Le gouvernement I et II de Youssef Chahed ont connu le même sort, la même destinée! Le divorce prononcé récemment entre nos deux « fauves » politiques a accouché d’un gouvernement III. Ce gouvernement va-t-il réussir à avoir le vote de confiance du parlement ? Oui.

Comme nous l’avons souligné plus haut, ce marasme n’est pas causé par le mode de scrutin à la proportionnelle, mais il est la conséquence de la pratique du pouvoir et de l’état d’esprit particulièrement opportunisme de nos hommes politiques.

Pour se préserver de l’absolutisme du pouvoir, le mode proportionnel est le seul garant contre la tentative autoritaire. Il assure en effet une représentation plus juste et équitable des citoyens. La démocratie est avant tout un état d’esprit, une conscience morale, un attachement aux principes de la liberté et à l’Etat de droit.
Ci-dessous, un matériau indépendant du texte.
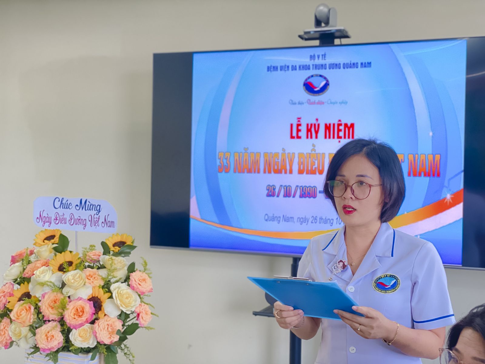 Nhân ngày Điều dưỡng Việt Nam (26/10/1990 - 26/10/2023), sáng nay ngày 26/10 Bệnh viện Đa khoa Trung ương Quảng Nam đã tổ chức lễ kỷ niệm 33 năm nhằm tôn vinh những người lao động, viên chức theo nghề cao quý của ngành Y, người làm công việc chăm sóc sức khỏe hằng ngày giúp người bệnh mau chóng bình phục – Điều dưỡng.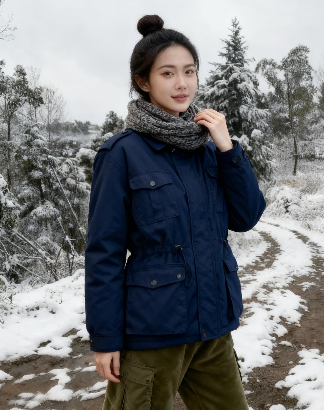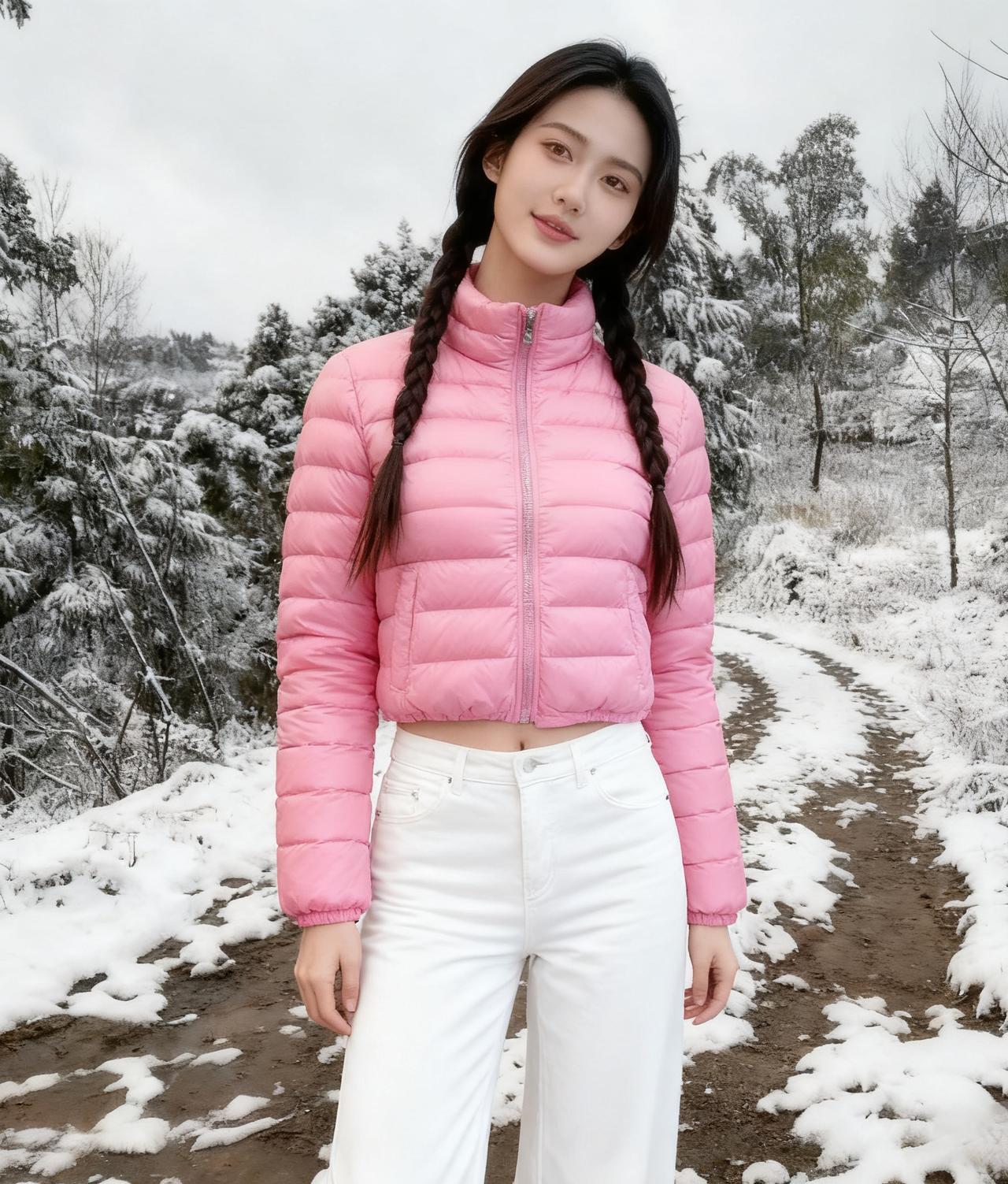 厚衣轻裹雪光柔,笑靥凝香入眼眸。 风过疏林摇碎玉,春心暗向远村流。

1- Un pouvoir exécutif composé de deux personnages clés : le Président de la république et le Chef du gouvernement. Chacun d’eux dispose de prérogatives (domaines réservés) bien stipulées dans la chapitre IV de la constitution. De plus, l’Article 77 attribue au Président de la république, dans des conditions précises et après consultation du Chef du gouvernement, le pouvoir de dissoudre l’Assemblée des Représentants du Peuple. Cette Assemblée, quant à elle, dispose conformément à l’article 97 du pouvoir de vote d’une motion de censure à l’encontre du gouvernement.